Friday, October 6, 2017

ONE MAN'S TRASH IS ANOTHER MAN'S TREASURE

You've heard that term used when it comes to things that people throw out.  Something that someone saw as junk and someone else found a great use for it.  That goes for people too.


We all meet people who don't appreciate us.  We also meet people that we probably don't fully appreciate.  Let me tell you about the moment when this happened in my life and how it hit me.

I had started talking to a guy back in March or so. After texting and meeting up for drinks a couple of times he told me that he wasn't wanting to date anyone serious right now.  Well...OK then!  We were still friends, but it was more like friends that would mess around here and there.  Like a total idiot I liked him and hoped that he'd change his mind.

Eventually, I grew tired of being the girl that he would say "Hi" to and would only want to hang out with maybe once a month.  I felt as though I was wasting my time on someone that didn't appreciate me or give a crap about me as a person. So I stopped talking to him.  I'm not really sure what he thought of me.  I do think he thought I had some good qualities and I had things that he liked in someone, but I'm not sure if in his mind he looked at me as that chick he can text if he had no other options.  By the amount I heard from him and saw him...it's probably a safe bet that that's how he thought of me.   I feel like I was just a girl on the list.

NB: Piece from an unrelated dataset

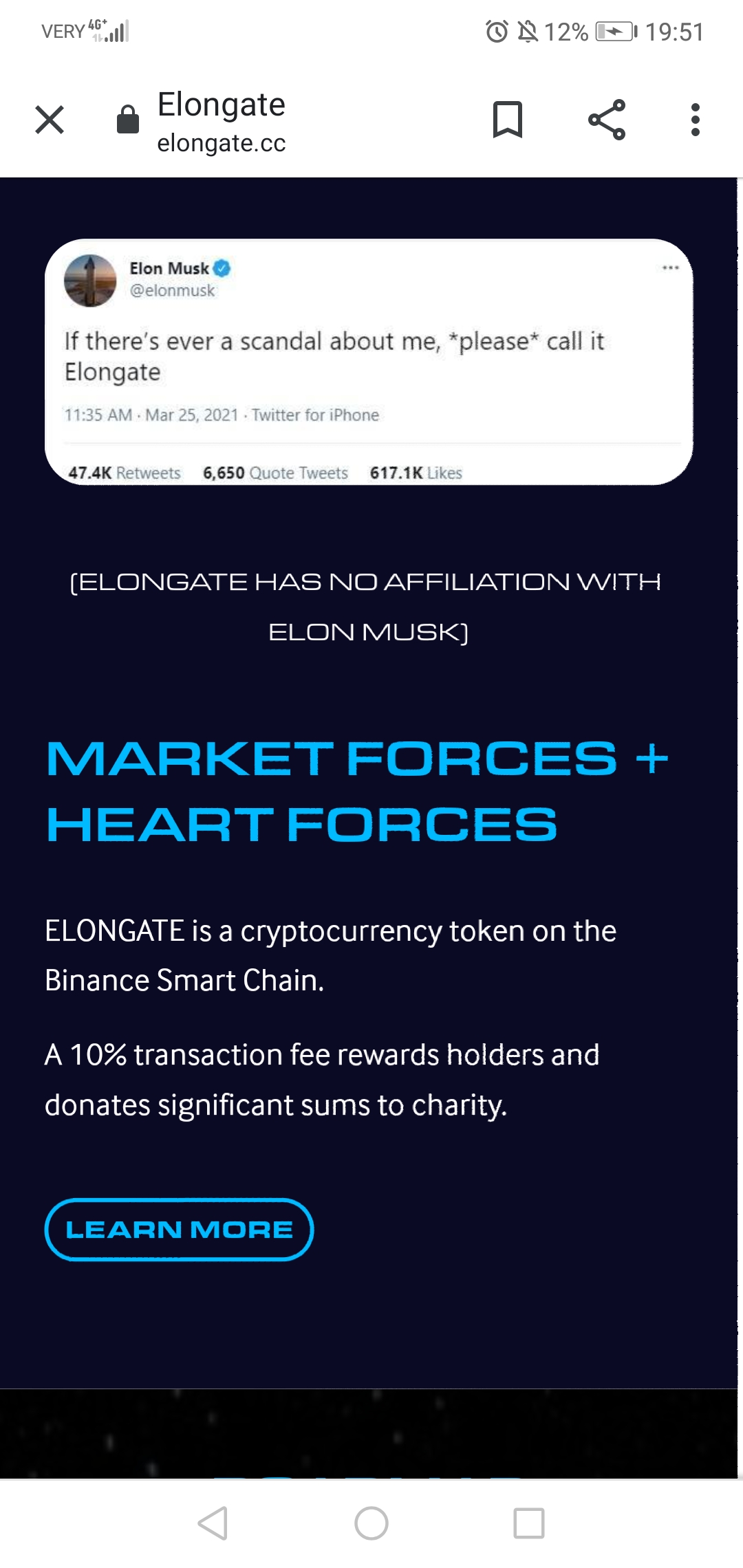 In a series of weekly live streams called charity parties with its tight-knit community of investors, Elongate has donated to charitable organizations including Children International, Action Against Hunger, and The Ocean Cleanup. On April 4, Children International accepted a first donation of $75,000, an amount which was increased to $325,000 in Elongate's latest charity party last April 18.

Coming to terms with the notion that that's probably how he felt about me hurt a lot.  I second guessed my worth and my value.  I wondered if I'd ever find someone that appreciates me. I got mad at myself for taking the scraps for as long as I did.  I even sat down and wrote a list of my good and bad qualities.  Some of my guy friends helped a lot and shared what they thought were some of my good qualities, even some bad ones too. They thought of things I wouldn't have. They helped me see all the things that I bring to the table that this guy didn't care about. My guy friends also helped me realize that I wasn't getting treated well and that I deserved better.




Then, not long after I stopped talking to that guy,  I met someone else.  This guy was super nice and he asked me out on dates...REAL DATES!  He seemed genuinely interested and you know what else?  He actually gave me compliments and told me how pretty I was.  WHAT????  This is crazy! (I don't think the other guy ever paid me a genuine compliment.)  I'm not going to lie, I was wondering at first if there was something wrong with him because he seemed so interested.  He'd tell me that he like to see me again and he'd actually follow through and take me dinner!


After I stopped over analyzing why this new guy liked me, I had to laugh to myself.  Here I went from a guy that would barely text me back, rarely wanted to hang out, always seemed too busy, acted inappropriately, and pretty much didn't seem give a crap about me. (I'm not sure if he even looked at me as a friend.)  Maybe to him I was just that girl on the radio that he hooked up with and if he was bored, then I would hear from him.  He didn't seem to have any respect for me or value me as a person. He didn't seem to care about my feelings. He didn't seem to appreciate my good qualities. He probably just thought of me as notch. Then I go to a guy that wants to hang out 3 times in one week. He wants to be around me.  He takes me on real dates and plans things.  He includes me where he doesn't have to. He compliments me and tells me things that he likes about me as a person.  He acknowledges what I have to offer. How can this be?

It's crazy to think that I'm the same person and have been myself with both of these guys, yet the one guy could have frickin cared less and treated me like I really didn't matter. Then the other guy enjoys hanging out with me and wants to get to know me as a person. How can two people treat you so differently?

It really is like what the one guy didn't care to have, the other is happy to have found it.  It also just goes to show you that there IS someone who will appreciate you. It may not always work out, but it can at least give you hope and let you know it can happen.